唉!偏又赶上快要十周年大庆了,上面一再要求稳定。可现在京城里的这局面,怎么才能把这工作落到实处呀!”
近来京城地面上有些混乱,向东这个保卫干部是知情的。
因此向东心里也明白,二婶这个街道主任的难做。
向东一边手指有规律的点着桌面,一边朝电话那头说道:“二婶,现在咱们面临的问题,就是无粮人心不稳,再加上大量青年人无所事事。虽说组织已经在竭力从国外进口粮食了,但远水终究解不了近渴。所以你这个街道主任,还得再想想别的法子!”
王爱华哪里不知道侄儿的性子,知道他不会无缘无故的打这通电话。
他要不是有事要自己帮忙,还真指望他主动关心自己这个婶子?
不过也真是当了领导干部了,搁这给自己拐弯抹角的。
因此王爱华心里又气又笑,面上故做愠色的朝电话说道:“行了,你小子有什么主意赶紧说,别拿我打岔,我这忙着呢!”
向东也知道瞒不过二婶,于是笑着说道:“二婶,咱们领导干部做工作,一定要领会上级组织的精神。
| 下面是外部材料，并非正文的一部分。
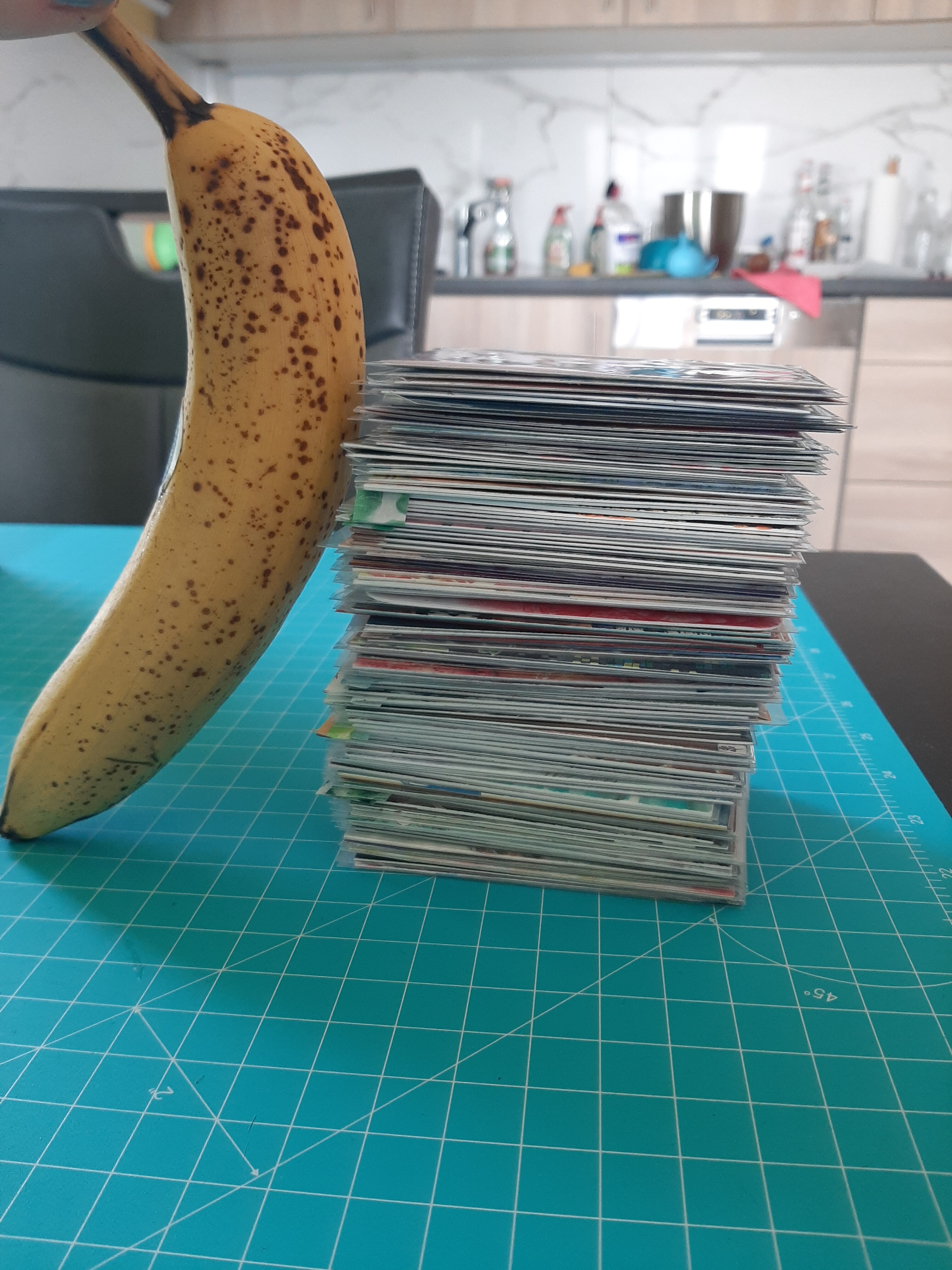 Wenn sich jemand schonmal gefragt hat, wie 107 Karten gestapelt aussehen - bitte schön. Banana for scale (und ignoriert meine Küche im Hintergrund bitte, da war das Licht am besten x’D)

就拿眼下这事来说,组织其实早都给出了解决办法。只不过有些领导干部,不拿它当回事而已。也就您是我亲二婶,这要是一般人,我才懒得同他说。”
“快说!”
王爱华这会也打起了精神,指望能从向东手里找到解决问题的有效办法。
毕竟自己这个侄儿,往往会有奇招。
向东见二婶有些急不可耐,便悠悠的轻笑道:“二婶,我建议你空闲的时候,好好学习组织下达过的各类文件。如果我没记错的话,五六年有份关于农业发展的文件,上面提出了号召城镇知识青年上山下乡。大领导不是也号召过嘛,广阔天地,大有作为!”